Home rents fell about 3 percent on average in the first-quarter compared with the previous three months and 17,000 new homes are expected to be completed this year, according to the report. Office vacancies are set to climb from a record high of nearly 35 percent as concern about slower economic growth prompts companies to cut costs and halt expansion.
Abu Dhabi’s government is trying to revive a market where properties lost half their values after the global credit crisis ended a speculator-driven boom. The government required all its employees to live in Abu Dhabi to qualify for a housing allowance that often comprises a large portion of workers’ pay. Thousands of workers live in Dubai to take advantage of lower rents.

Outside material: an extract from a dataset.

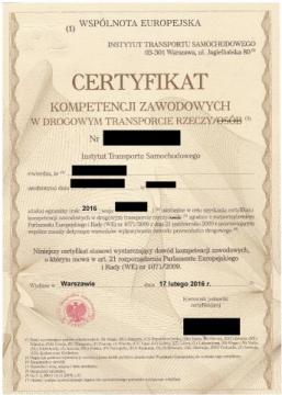 Użyczę Certyfikatu Kompetencji Zawodowych w Drogowym Transporcie Rzeczy niezbędnego do uzyskania: „Zezwolenia Na Wykonywanie Zawodu Przewoźnika Drogowego” (Licencji na Kraj) oraz „Licencji Transportowej Międzynarodowej”.

Home sales are mostly being driven by occupiers and there are “very low levels of investment activity,” Green wrote. Average prices have stagnated at 9,150 dirhams ($2,500) to 13,500 dirhams a square-meter and many owners are “simply unwilling to drop any lower, even if it means holding units indefinitely,” Green wrote.
Prime office rents within Abu Dhabi’s premium developments have remained flat at 1,600 dirhams to 1,900 dirhams a square meter per year. Rates are often coupled with incentives that can include two months of free rent a year on five-year leases, the report said.
Offices in secondary locations, meanwhile, are seeing “significant rental deflation” with a drop of around 3 percent over the previous quarter. Rents range from 675 dirhams to 1,250 dirhams a square meter per year, the report said.
“We are beginning to see the first signs of renewed interest in office space” from companies based in the U.S. and Europe and transactions may pick up over the longer term, Green wrote.
Yesterday, Arabtec Holding PJSC, the U.A.E’s biggest construction company in which Abu Dhabi’s state-controlled Aabar Investments bought a 21.6 percent stake, signed a 10-year lease in the 59-floor office tower in Abu Dhabi’s World Trade Center.